New York Yankees (69-62) at Detroit Tigers (71-60)
Time/Place: 1:08 p.m., Comerica Park
SB Nation blog: Pinstripe Alley
Pitching Matchup: RHP Hiroki Kuroda (9-8, 3.94 ERA) vs. LHP Kyle Lobstein (0-0, 4.76 ERA)
The Tigers were unable to solve Hiroki Kuroda in their previous meeting this season, scoring three runs in seven innings despite having a few opportunities. They plated a run in the first inning and looked to be making solid contact, but then Kuroda was able to retire 15 of the 16 batters he faced in innings two through six. The lone hit? A home run into the Yankee Stadium jet stream off the bat of Andrew Romine. The Tigers were once again able to threaten in the seventh, but Kuroda wiggled out of trouble having allowed just one run.
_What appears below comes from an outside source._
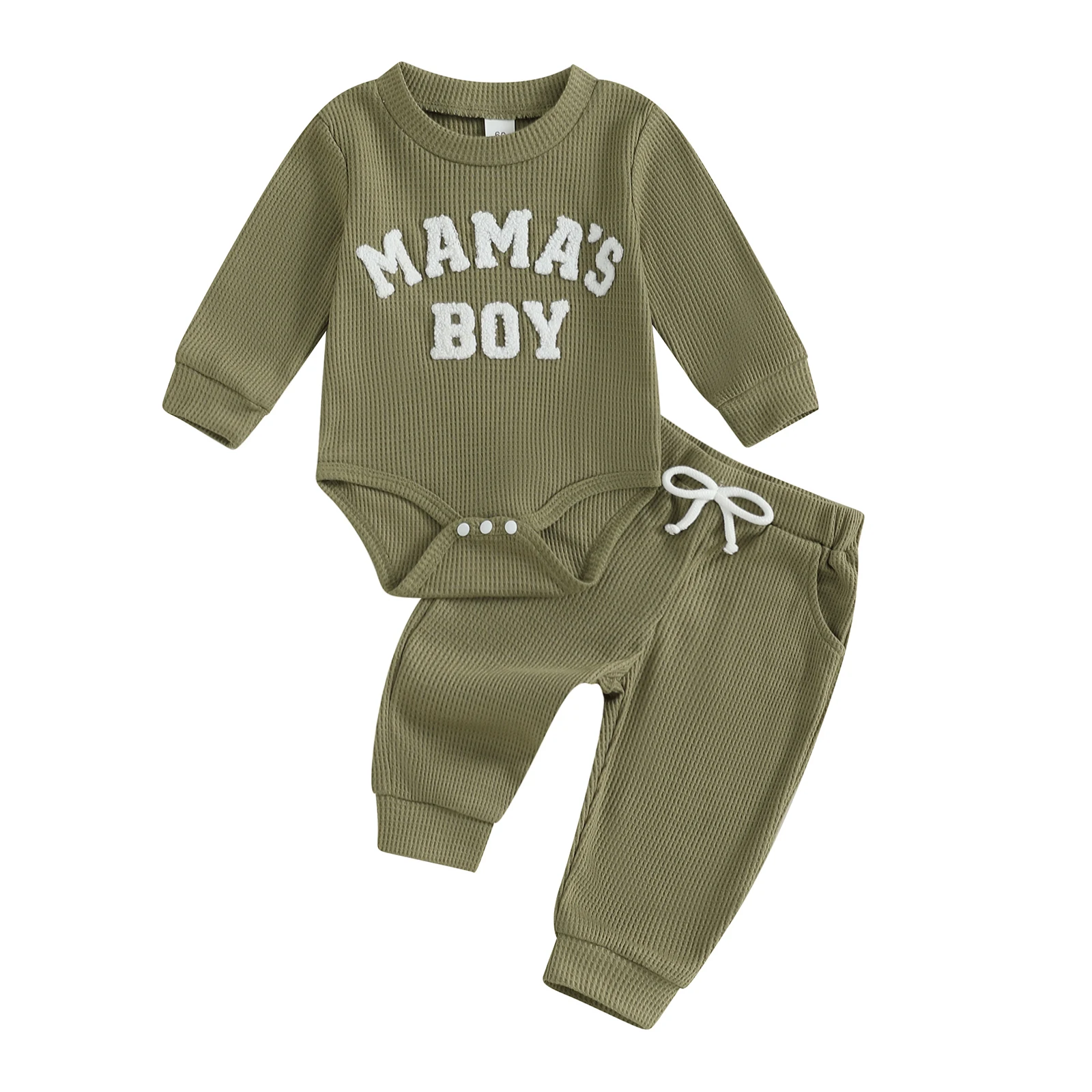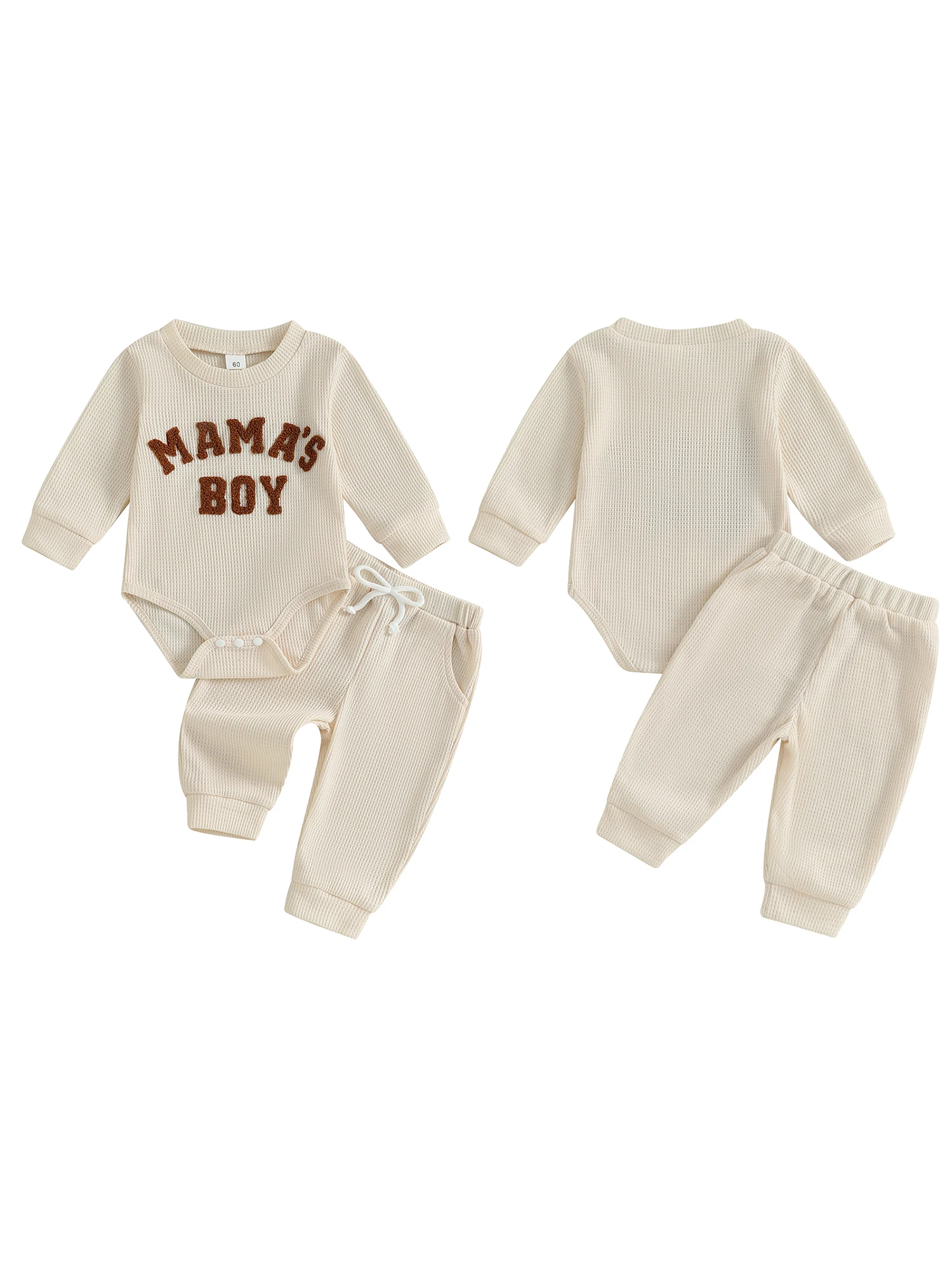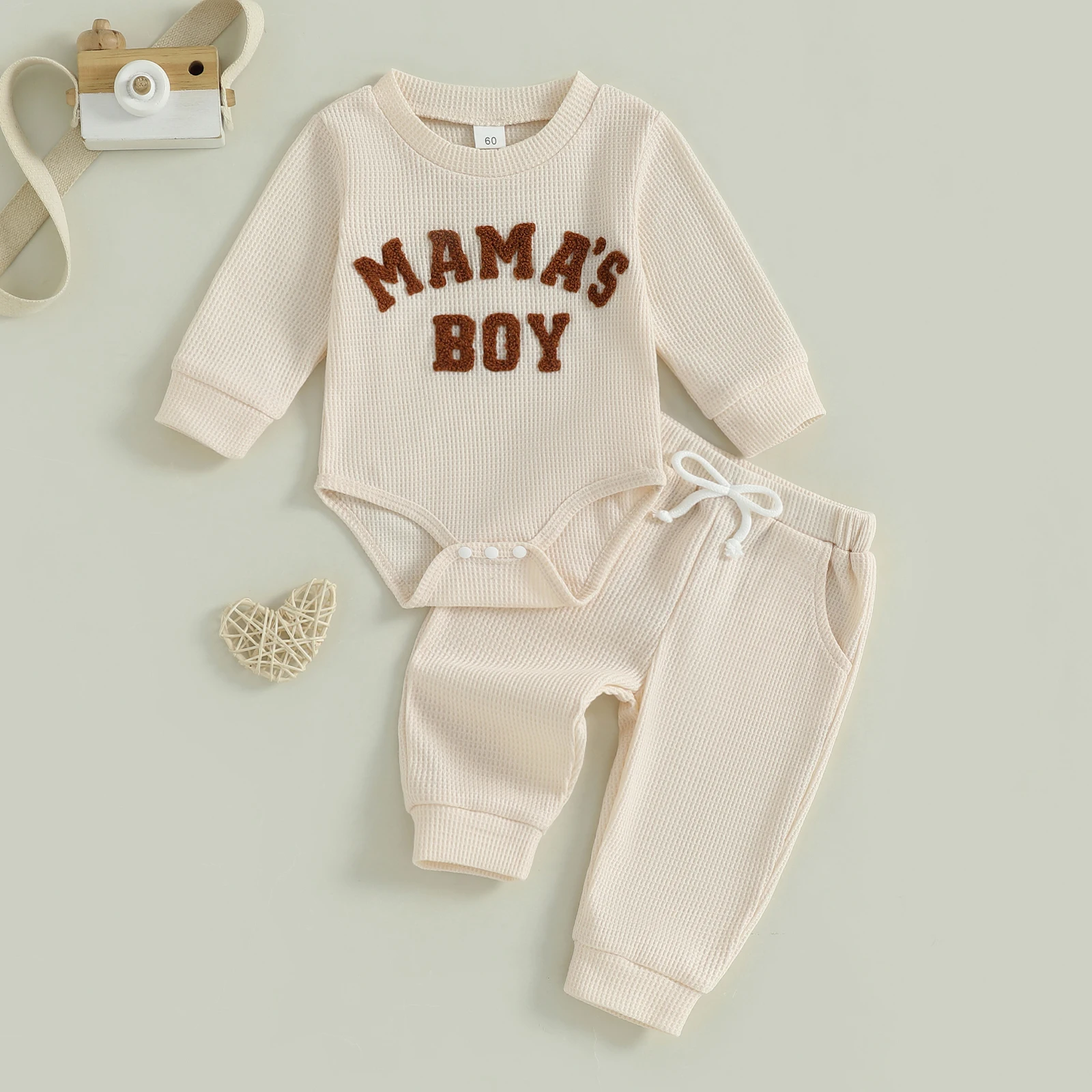 Baby Boy Fall Outfit Letter Embroidered Long Sleeve Romper Solid Elastic Waist Pants 2 Piece Set

Had the Tigers been able to capitalize on another chance or two, this could have been a very different outing for Kuroda.
That seems to be how Kuroda's 2014 season has gone, though not always in his favor. His strikeout rate is down slightly, but WHIP, FIP, and BABIP are nearly identical to the numbers he has put up over the past couple seasons. The big change? A 68.3 percent strand rate, down from the 75+ percent he has posted in each of the past three years. Here's the thing, though. Opposing batters have a lower batting average, slugging average, and OPS with runners in scoring position than they do with nobody on base. Yet, Kuroda's ERA is over a half run higher this year than in any of his past four seasons. He isn't getting hosed by his bullpen either. Kuroda has bequeathed 19 runners to the Yankees pen in 2014 and four have scored (must be nice). Last year? Eighteen and five. I'm officially stumped on this one.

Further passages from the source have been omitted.